Me sumergía en el agua para ver desde abajo el reflejo del Sol; sus rayos
atravesando cada milímetro, mostrando un cuadro perfecto y único. Ahí abajo me
pasé un buen rato, hasta agotar todo el oxígeno que cabía en el interior de mis
pulmones. Salí y tome una gran bocanada de aire para inflar mi pecho y sentirme
vivo, tan vivo como el mar. Al salir el panorama había cambiado; el Sol ya no
estaba y los peces se habían marchado; no había gente en la playa y tampoco
ruido; el agua estaba en completa calma. Me asusté y mi cuerpo comenzó a temblar.
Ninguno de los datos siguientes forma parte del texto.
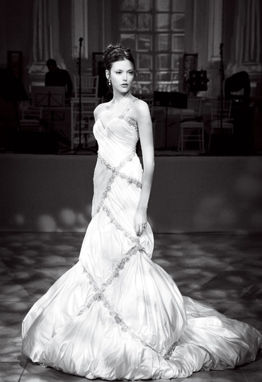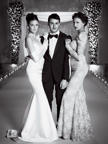 Managing her mom’s eponymous bridal salon, Hila says she knew that her nuptials could be no ordinary affair. In the end, Berta designed not one, but three dresses for the day—one for the ceremony and two for the reception. “Each was prettier than the other,” Hila says, adding that the two made a shopping trip to Paris just to purchase special fabric.

Se escuchaba el sonido de mis dientes al chocar y cada uno de mis músculos se
dilataba y contraía a la velocidad de la luz. Me percaté de que no lo hacía por
el repentino frío que se apoderó del lugar, era algo más fuerte y más
desconcertante. Admito que perdí el control. La oscuridad se hizo con todo lo que
me rodeaba y sólo faltaba yo, sólo yo para estar en armonía con aquello. Es
fácil dejarse llevar simplemente para camuflarse y refugiarse, tan fácil que hasta
yo lo hice aunque no del modo que esperaba. Simplemente cerré los ojos y me
relajé, pasé de todo. Me senté en un rincón y ahí estuve observando cómo se
hundía todo y cómo yo quedaba a flote. No es sencillo hacerlo, pero es cierto que
a veces nuestro cerebro pide que todos los problemas queden sumergidos bajo tu
ser.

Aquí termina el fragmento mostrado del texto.